The InPhO Topic Explorer (InPhO-TE) software is © 2014-16 Trustees of Indiana University and the Indiana Philosophy Ontology (InPhO) Project.
While copyright is reserved, the software itself is released via the permissive MIT License, with open-source code available via GitHub.
Explicit rights are granted for reuse of all visualizations and other derivatives of this software via the Creative Commons Attribution 4.0 International License (CC-BY).
To satisfy the license in electronic works, please link to the primary project page at http://inphodata.cogs.indiana.edu/. If you use InPhO-TE in a published work, the authors request that you cite InPhO-TE as:
Jaimie Murdock and Colin Allen. (2015) "Visualization Techniques for Topic Model Checking" in Proceedings of the 29th AAAI Conference on Artificial Intelligence (AAAI-15).

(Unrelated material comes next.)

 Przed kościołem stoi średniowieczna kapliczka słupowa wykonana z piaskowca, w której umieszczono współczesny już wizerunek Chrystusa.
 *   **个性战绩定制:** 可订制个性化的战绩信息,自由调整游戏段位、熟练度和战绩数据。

Austin, Texas, USA, January 25-29, 2015. http://inphodata.cogs.indiana.edu/
Content for each corpus is copyright by their respective creators. Topic models performed using this content fall under fair use provisions as non-consumptive research.

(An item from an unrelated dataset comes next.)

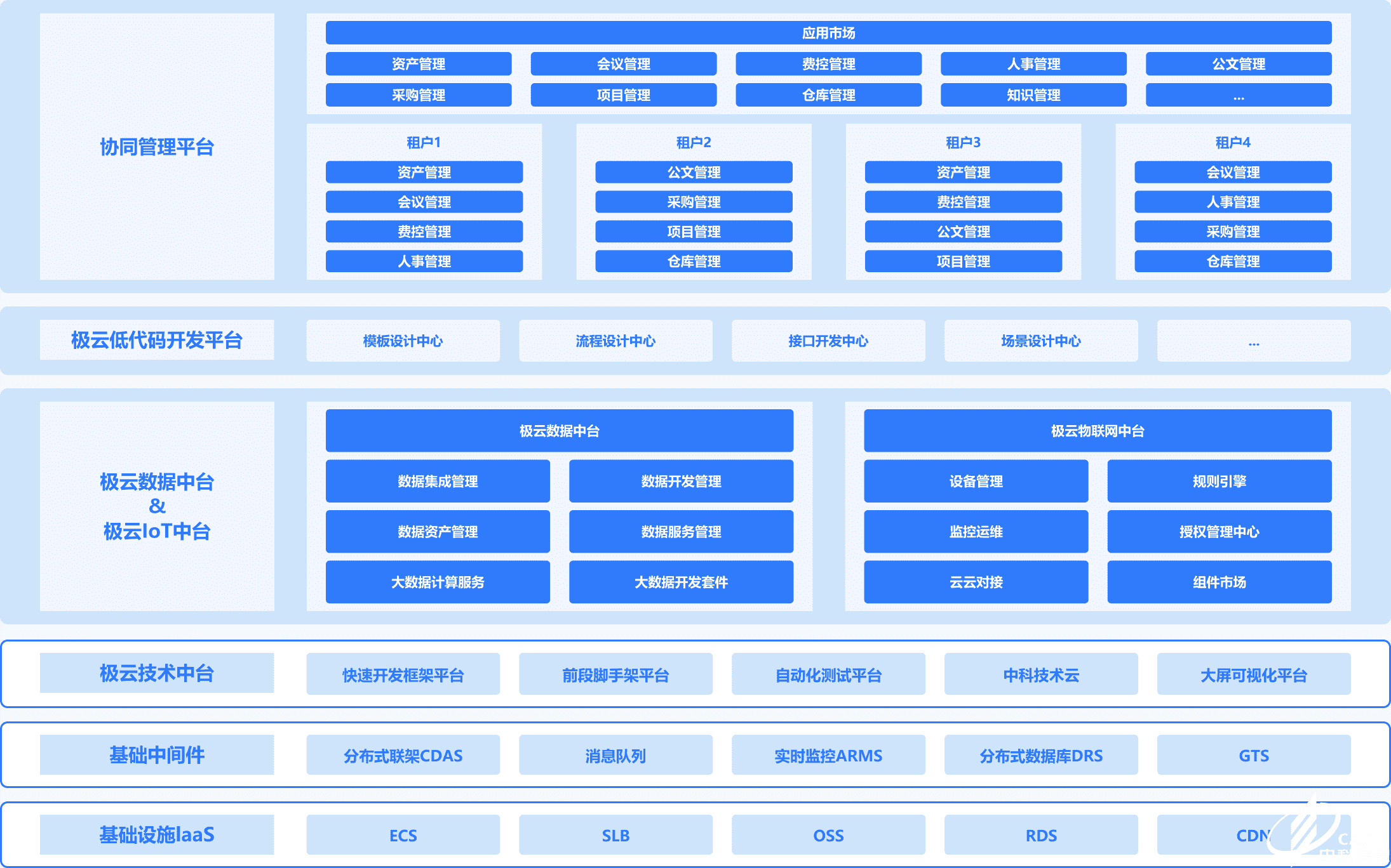中科極云平臺(tái)是一款具有完全自主知識(shí)產(chǎn)權(quán)的企業(yè)級(jí)通用服務(wù)開發(fā)平臺(tái),包括:極云協(xié)同管理平臺(tái)、極云低代碼開發(fā)平臺(tái)、極云數(shù)據(jù)中臺(tái)、極云物聯(lián)網(wǎng)中臺(tái)和極云技術(shù)中臺(tái),是由中科院成都信息技術(shù)股份有限公司基于多年面向行業(yè)化的軟件工程、軟件平臺(tái)、軟件開發(fā)技術(shù)的研究應(yīng)用沉淀整合而來。平臺(tái)采用微服務(wù)、云計(jì)算、大數(shù)據(jù)、流程引擎、統(tǒng)一認(rèn)證等先進(jìn)技術(shù),提供常用的軟件開發(fā)框架及組件庫,將軟件信息化需求抽象成標(biāo)準(zhǔn)的流程、數(shù)據(jù)模型,采用低代碼可視化配置開發(fā)的方式,提供了支持跨平臺(tái)的通用軟件開發(fā)能力。

This is the InPhO Topic Explorer. It allows you to explore a collection of documents using pre-trained topic models.
Topic models represent documents as mixtures of topics. The topic model is trained by an algorithm that finds latent (hidden) relationships among the documents. Typically we train models with different numbers of topics, which show different levels of detail in the documents. A model with more topics will, in general, show finer details.
If you would like more information about topic modeling, you can watch the video at http://inphodata.cogs.indiana.edu/ and read the article by David Blei (2012).
From this page you can explore the topic models in various ways using the large buttons in the middle of the page and the menu items on the left. On this page, you may also find some information about the specific corpus used to train the models, if the person who trained the models has provided it.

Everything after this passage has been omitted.